Formation of Giant Lysosome in Neonatal Ileal Enterocytes Requires Endotubin.

Enterocyte maturation involves the development of a highly sophisticated brush border, tight junctions, and an intracellular membrane network pivotal for the intestinal barrier and absorptive functions. Genetic or environmental factors that disrupt the enterocyte’s proper development can severely impact growth and survival. Interestingly, the developing enterocytes in the ileum of neonates have a transient but distinct morphologic feature: the presence of giant lysosomes in the subapical cytoplasmic region. These enlarged endocytic compartments emerge at late gestation and persist through the suckling period, with a proposed function for degrading endocytosed milk products during the neonatal stage. It was postulated that the formation of these giant lysosomes might result from fusion of multiple apical lysosomes, however, the molecular mechanism contributing to the development of these highly specialized endocytic membrane structures has been unclear.

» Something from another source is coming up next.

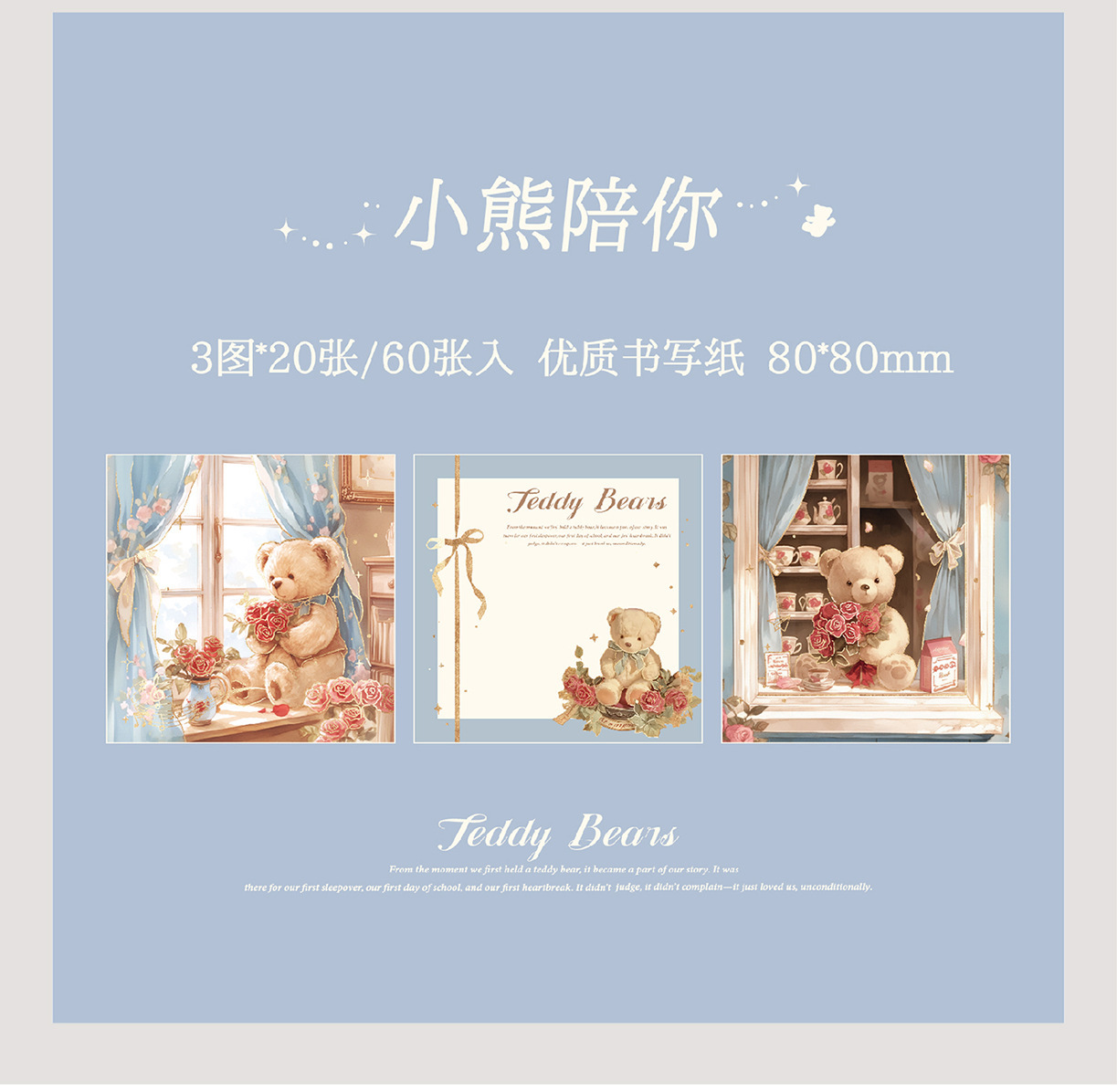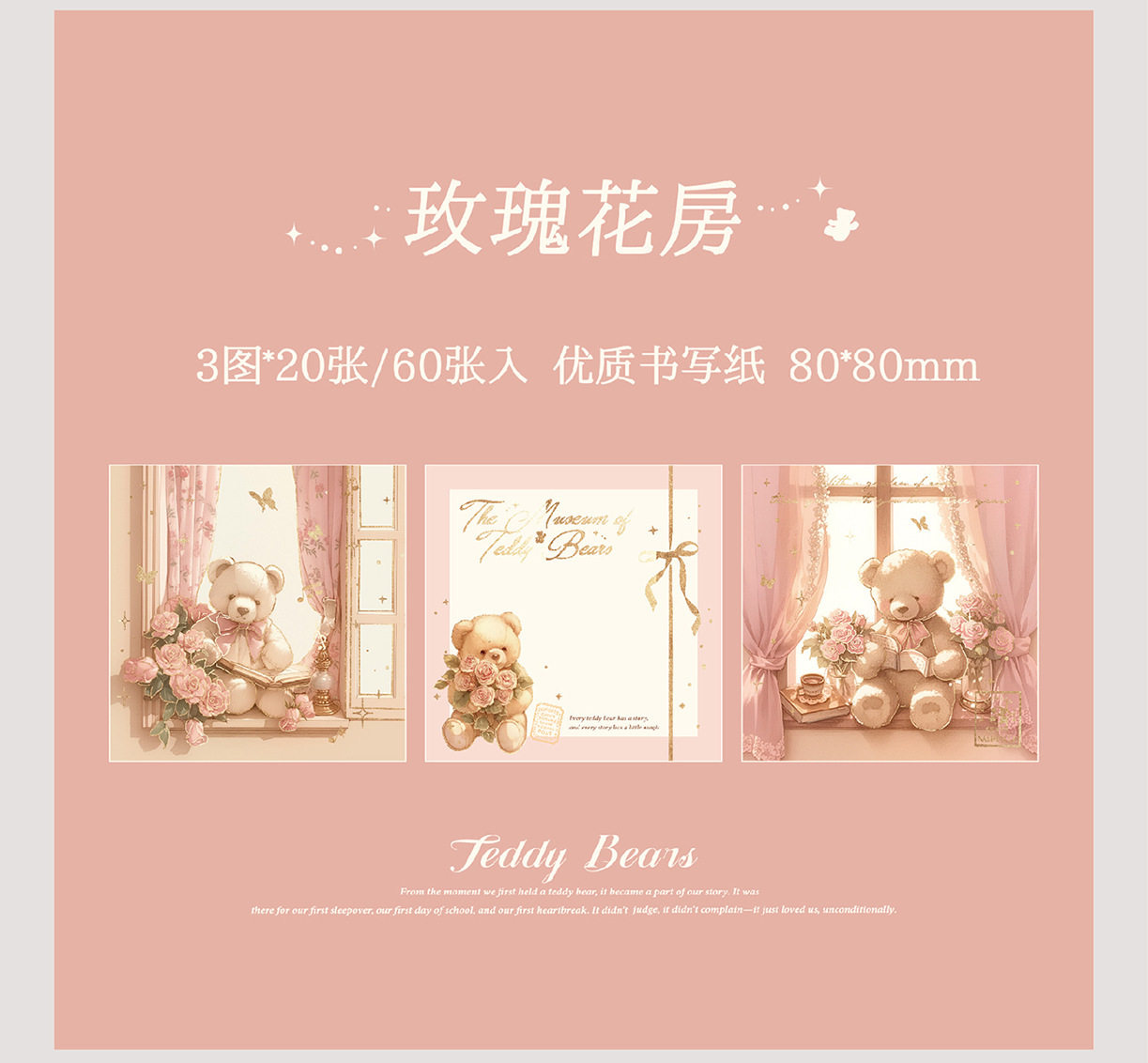 Mr. Paper 풀 핫 스탬핑 3팩 노트 베어 로맨틱 하우스 귀여운 로맨틱 테마 학생 메모 메모스토어 가기

In this issue, Cox et al investigated the in vivo contribution of a scaffold protein, endotubin (EDTB), to the enterocyte development in neonatal mouse ileum. By using both a conditional gene ablation model in mice and a CRISPR-Cas9–edited EDTB-deficient Caco2 cell line, the Cox et al provided convincing evidence to support the conclusion that EDTB, as a component found in the apical endocytic complex (AEC), plays a critical role in the proper morphogenesis of neonatal enterocytes. Inducible removal of EDTB at late gestation in mouse intestinal epithelia resulted in a disrupted formation of the characteristic giant lysosomes as well as the AEC. The EDTB-deficient epithelia also showed a reduction of tight junction proteins, a previously described phenotype by the same group, that was consistent with disrupted membrane trafficking. In addition, loss of EDTB occasionally caused microvillus defects that resembled some features of the microvillus inclusion diseases. These abnormalities appeared to be accompanied by disorganization of apical membrane proteins, an observation that bears similarities to the cellular defects reported for enterocytes lacking Myo5b, Syntaxin 3, Rab8a, Rab11a, or Cdc42.8, 9 The study collectively suggested that EDTB contributes to the development of multiple aspects of ileal enterocytes, potentially through coordinating several endocytic processes (eg, endosomal maturation, targeting, and fusion).

However, at the molecular level it remains unclear how EDTB engages in the diverse array of endocytic events related to apical and basolateral protein sorting, lysosome formation from AEC, and its maintenance. Future elucidation of the EDTB-associated protein partners in the giant lysosomes or in AECs may shed lights on its functional contribution toward the evolution of these compartments. In addition to endocytic trafficking, whether EDTB also directly controls the delivery of apical membrane to brush border in developing enterocytes also may be interesting for further investigation. EDTB is highly expressed in ileal enterocytes at late embryonic and neonatal stages. Its level decreases by half in postweaning mice. How the level of EDTB is up-regulated and down-regulated at transcriptional or post-translational levels in the developing ileum is important to follow up. Such information may be useful for understanding the developmental signals that control the spatial and temporal induction of distinct endocytic structures in the gastrointestinal tract during a specific developmental window. Knowledge gained about the molecular evolution and adaptation of endocytic compartments may be harnessed to modulate the endocytic states of enterocytes or in other cell types. The study by Cox et al on EDTB opens a door to beginning to understand the intracellular network that controls the dynamic organization of endocytic membrane compartments in development and disease.